Segment Start: Data section

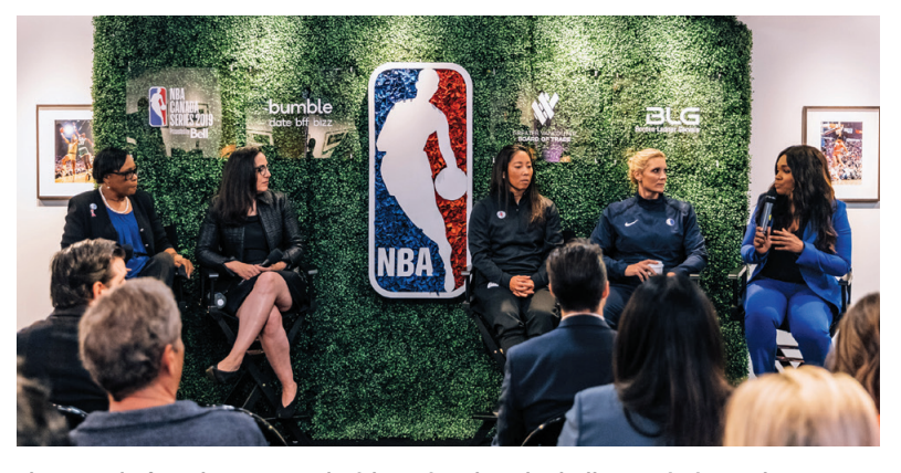
The Board of Trade partnered with National Basketball Association to host a conversation with senior executives from the Dallas Mavericks and LA Clippers on Oct. 17, prior to the NBA Canada Series at Rogers Arena.
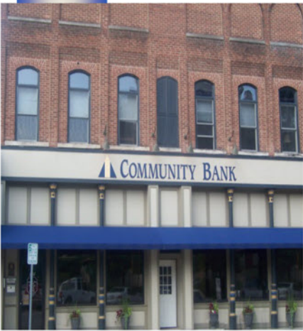
NOBLESVILLE 830 Logan Street
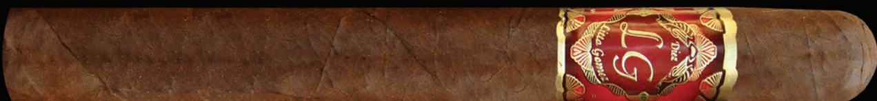
Dominicano - 50 x 6 7/8
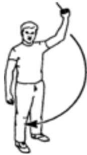
Figure. No caption available.

1B. Diagonal Pattern D2 Flexion: Gripping tubing handle in hand of involved arm, begin with arm out from side 45° and palm facing backward. After turning palm forward, proceed to flex elbow and bring arm up and over involved shoulder. Turn palm down and reverse to take arm to starting position. Exercise should be performed _____ sets of _____ repetitions _____ daily.
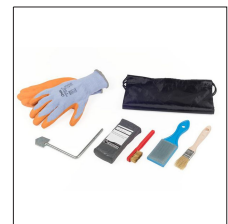
AT-069N Basic tool set Apliweld-E
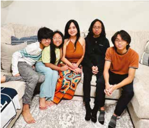
The Adil family spends time together.
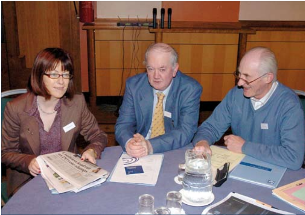
DELEGATES AT TUI CURRICULUM AND ASSESSMENT SEMINAR, TULLARMORE, FEBRUARY 2007
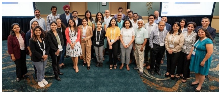
(Above): The Indian Association for Food Protection in North America met on July 15.

The following Affiliates also held Affiliate Meetings during IAFP 2024 in Long Beach, California.
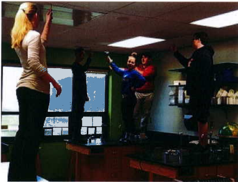
Mr. VanTassel's Earth Science class measured the relative humidity in different parts of their classroom, the hallway and outside.
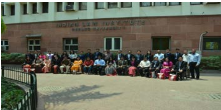
Participants of the training programme

The Indian Law Institute organised a Training Programme for Law officers from Myanmar on various subjects i.e. “Comparative Constitutional Law, Intellectual Property Rights, Cyber Law, Refugee Law, International Criminal Law’ from May 6-13, 2018. Twenty law officers from Myanmar participated in the programme.
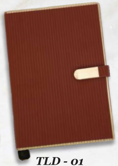
TLD - 01 Rs.315/-
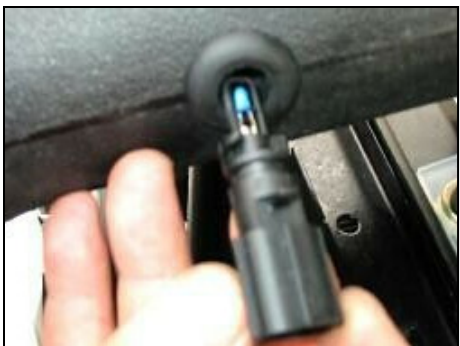
25. For 2005-06 Vehicles: Re-connect the air temp sensor on the backside of intake tube.
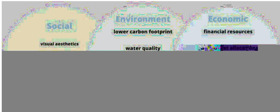
[Figure 3: Sustainability Criteria: Social, Environment, and Economic]
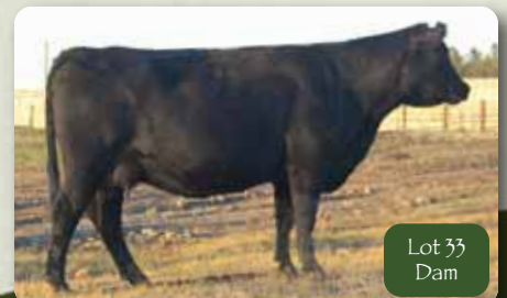
Lot 33 Dam
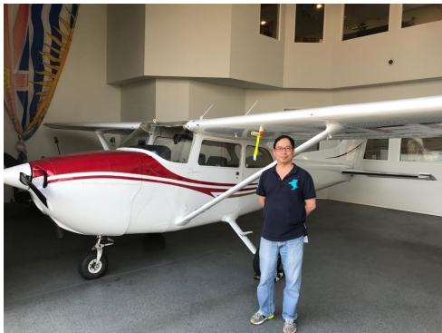
Pacific Rim Aviation Academy in Canada

Segment End: Data section

— Work request —
Where does the string "Canada" appear in the records above? Show every line that holds it.

— Exercise output —
The Board of Trade partnered with National Basketball Association to host a conversation with senior executives from the Dallas Mavericks and LA Clippers on Oct. 17, prior to the NBA Canada Series at Rogers Arena.
Pacific Rim Aviation Academy in Canada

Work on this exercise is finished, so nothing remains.